Che cos’è un piano? 
 Ogni comportamento è scomponibile in unità più semplici, per 
cui, se vengono eseguite tutte le possibili scomposizioni, si 
avrà lo stesso comportamento, ridotto alla sua forma 
essenziale, cioè un complesso di unità organizzate 
gerarchicamente a seconda della loro complessità. 
 Affinché l’analisi sia efficace, è necessario che sia attuata a tutti 
i livelli gerarchici simultaneamente, altrimenti andrebbero perse 
le proprietà configurative del comportamento stesso. 
 L’esecuzione di un piano può anche non essere una azione 
vera e propria (lettura silenziosa), ma anche operazioni di 
raccolta e trasformazione di informazione, cioè tutte le attività 
cognitive in generale. 
 Miller e gli altri definiscono il piano come il sistema di raccordo 
fra la rappresentazione della nostra conoscenza, l’immagine 
mentale, e l’azione.
Che cos’è un piano? 
 Tra immagine e piano non c'è una distinzione precisa 
in quanto un piano, una volta acquisito, viene a far 
parte dell’immagine; a sua volta la conoscenza deve 
essere incorporata in un piano generale altrimenti 
non avrebbe la possibilità di condizionare il 
comportamento. La realizzazione e la creazione di un 
piano avviene sempre attraverso operazioni di 
confronto fra due elementi: 
– l’unità di analisi non è più il riflesso perché non esistono 
risposte automatiche, bensì risposte controllate. 
 Parlando di controllo i cognitivisti si riferiscono 
sempre ad un confronto fra la situazione percepita e 
la situazione rappresentata.
Le verifiche del comportamento 
 Per esempio se noi chiamiamo per nome una persona a noi 
familiare, lo stimolo, cioè la persona, deve essere confrontato 
con una qualche immagine che di costei possediamo e, nel 
caso in cui questo test risulti positivo, allo stesso stimolo si 
attribuirà la conferma che il nome corrisponde alla persona 
fisica che conosciamo. 
 Se il risultato del confronto fra stimolo/persona fisica è 
negativo, cioè non riconosciamo la persona, riesamineremo 
più in dettaglio lo stimolo per procedere a verifiche più 
accurate dei nostri ricordi. 
 Questa successione di verifiche (tests) è stata chiamata TOTE 
(test, operate, test, exit) da Miller e collaboratori ed è da loro 
proposta come unità di analisi del comportamento, in 
alternativa al concetto di riflesso.
TOTE 
 “Il TOTE rappresenta lo schema di base in cui sono inseriti i 
nostri piani, la fase di test del TOTE implica la specificazione di 
tutte le conoscenze necessarie per il confronto che deve essere 
fatto e la fase operativa rappresenta ciò che l'organismo fa in 
proposito” (Miller et alt,1960). 
 Con il TOTE si può rappresentare più in dettaglio il sistema di 
raccordo fra immagine e azione, specificando opportunamente i 
tipi di controllo che si devono attuare. 

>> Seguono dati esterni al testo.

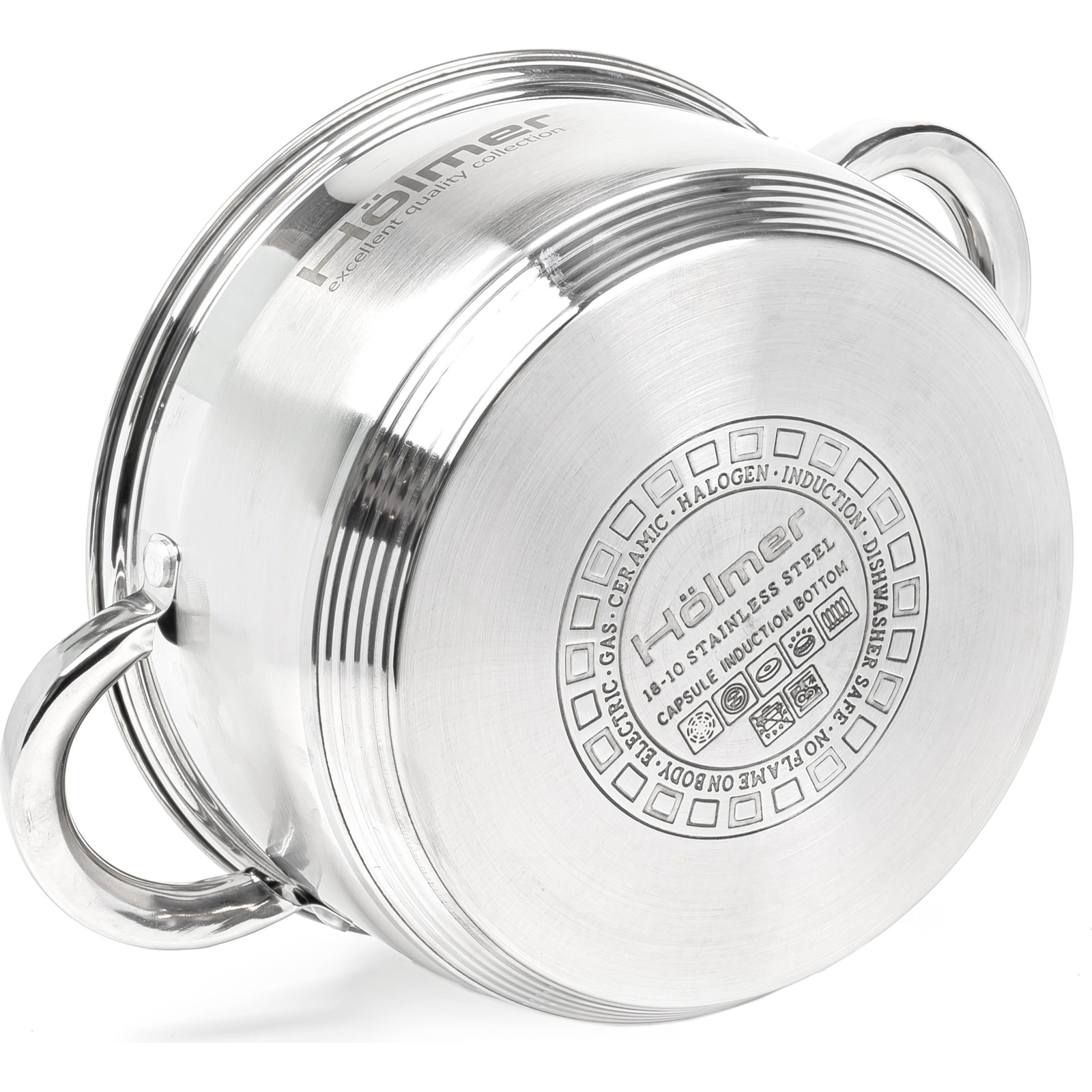 Набір посуду Hölmer CS-1651-SS виготовлено із високоякісної нержавіючої сталі. Сталь 18/10 — винятково жароміцний, ударостійкий, зносостійкий, не схильний до корозії матеріал.

 Poiché, in ogni comportamento si può stabilire una gerarchia di 
azioni, dalle più elementari alle più generali e per ogni livello è 
necessario il controllo da parte di un piano particolare. 
 Come tutte le attività, anche quella del ricordo implica la 
realizzazione di un piano, o meglio un duplice piano, uno per 
l’organizzazione in memoria delle informazioni e un altro per il 
loro recupero.
Tecniche di memorizzazione 
attraverso la distintività contestuale
Le immagini del ricordo 
 L’esistenza di piani di questo tipo è convalidata dal verificarsi di alcuni 
fenomeni che gli associazionisti si sono sempre rifiutati di considerare: 
– l’uso di immagini nel ricordo, codificazione delle sillabe senza 
senso attraverso le parole. 
 A volte nelle prove di memoria l'intervento dei piani non appare 
chiaramente, ma ciò non toglie che ci sia. 

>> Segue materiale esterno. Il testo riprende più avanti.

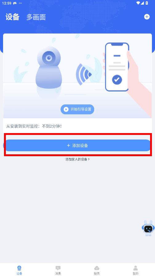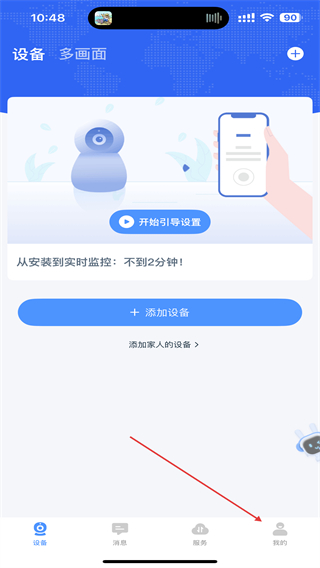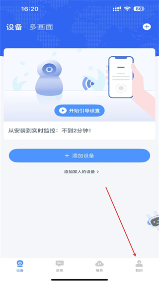 1、打开eseecloud APP,进入设备多画面界面,点击+添加设备按钮。

 Sembra a volte che un soggetto impari meccanicamente. 
 Ma se si osserva il fenomeno con più attenzione ci si può accorgere 
che egli ha come ritmato le sillabe utilizzando uno stratagemma 
efficace, sicuramente dettato da un piano di memorizzazione. 
 Anche apprendere non è possibile senza la predisposizione di un 
piano: 
 “Per poter riuscire a memorizzare una lista, un soggetto deve avere 
quel misterioso qualcosa detto 'intento ad apprendere… l’intenzione di 
apprendere significa che il soggetto esegue un piano per formare un 
piano che guidi la rievocazione” (Miller et alt., 1960).
Mappa mentale di New York
L’entità e la durata della perdita di 
informazione 
 Una perdita di informazione si può avere luogo durante la codifica, 
la ritenzione o il recupero. Un problema importante riguarda l’entità 
e la durata della perdita di informazione. 

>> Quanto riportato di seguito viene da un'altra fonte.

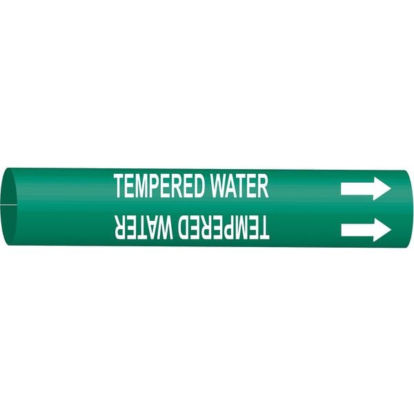 Pipe Marker, Pipe Marker Mounting Style Snap-On Pipe Marker, Pipe Marker Legend Tempered Water, Legend Text Color White, Character Height 2 1/2 in, Background Color Green, With or Without Arrows With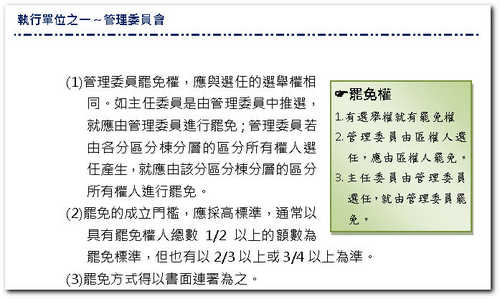 2.管理委員由區權人選任,應由區權人罷免。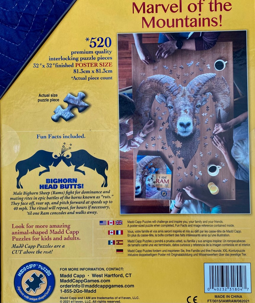 I came across this Ram puzzle this weekend. It spoke to me. That’s an impressive box cover. What’s interesting is that the puzzle, once completed, is the shape of the Ram. Beautiful!

 La perdita può essere momentanea e recuperabile, ma vi sono 
casi in cui la perdita diventa permanente 
 Per la memoria umana si pone il problema se nell’oblio 
l’informazione è definitivamente perduta o momentaneamente 
irrecuperabile. 
 In ogni sistema di memoria, l’informazione viene immagazzinata e 
conservata facendo ricorso a determinati meccanismi di 
registrazione, regolati da un proprio codice che consente una 
facile reperibilità e trasferibilità. 
 Lo stesso sistema di memoria può anche impiegare diversi codici. 
 L’informazione ritenuta in un sistema di memoria può anche 
essere ricodificata, recuperando l’informazione da quel sistema di 
memoria e codificandola in un altro sistema.
La riduzione e la riorganizzazione 
dell’informazione nei sistemi di memoria 
 I processi di reintegrazione o ricostruttivi permettono di 
completare un’informazione parzialmente distrutta o deteriorata. 
L’informazione viene ricostruita grazie ad ipotesi interpretative 
fondate su quella porzione di informazione che non è andata 
perduta, e grazie a fenomeni di ridondanza linguistica e di 
contesto. 
 L’informazione viene rappresentata, organizzata e codificata 
secondo varie modalità, e sono state sviluppate sofisticate 
strategie di recupero (information retrieval). Nel processo di 
ricodifica si possono verificare due importanti sub-processi: 
– la riduzione dell’informazione e la sua riorganizzazione. 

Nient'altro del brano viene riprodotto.